警戒される左足。バリエーションを広げる試み
久保の最大の見せ場だったのは、後半27分の決定機。左サイドバック・小川諒也のパスを途中出場の高校生・原大智が落とした瞬間、前向きにボールを受けた久保は一気に前進。ペナルティやや外側の位置からまたも右足で思い切ったシュートを放ったのだ。これは相手守護神・阿部伸行の正面に飛び、ゴールには至らなかったが、「右でも十分勝負できる」というところを強く印象付けた。
「あそこで右足で1回決めておかないと。『右はないぞ』と思われたらおしまいなんで、早く右で決められるように練習したいと思ってます。相手も自分の左を狙ってきていたし、その分、右が空いてくるんで、『右もあるぞ』というのは見せたいと思います」と15歳の点取り屋はプレーのバリエーションを広げようと今、躍起になっている。
こうした駆け引き、相手の裏をかくことの重要性はバルセロナ時代から叩き込んできたことなのだろう。それを公式戦、しかもJ3優勝候補の長野相手に具現化できるのが、この選手の非凡さだ。
後半32分に登場して9ヶ月ぶりの公式戦復帰を果たし、久保と初共演した米本拓司も「化け物ちゃ化け物(笑)。自分が高校1年の時にこのレベルの試合に出るのは考えられなかった。ホントに適応能力の高さ、スピードに慣れる速さもすごいし、今のJ3の軸と言っても過言ではない。ボールを持った時のワクワク感もありますね」と驚きを覚えたという。

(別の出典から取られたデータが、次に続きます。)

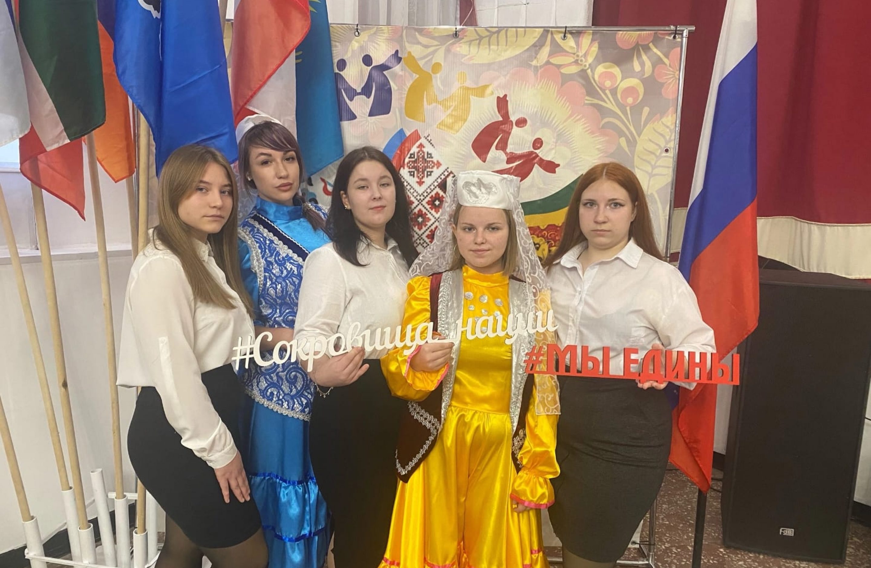Ефремова Дарья, Ландышева Софья, Яковлева Виталия, группа ПКД-2 представляли осетинскую культуру, под руководством преподавателяей– Чепчуговой Татьяны Николаевны и Ряковой Любовь Васильевны.

終盤は長野に押し込まれ、シュート数も倍の10本を打たれたFC東京U-23だったが、最終的に0-0のドロー。アウェイでの勝ち点1は最低限の結果だったと言える。
「試合展開的には押されてた時もあったし、押してた時もあって、どっちに転んでもおかしくなかった。転ぶんだったらこっちに転んでほしかったなという試合だったんで、ちょっと悔しかったです」と15歳の点取り屋は勝ち点3を手にできなかったことに不完全燃焼感を吐露した。そんな中でも、この半年間の確かな成長は実感した様子だった。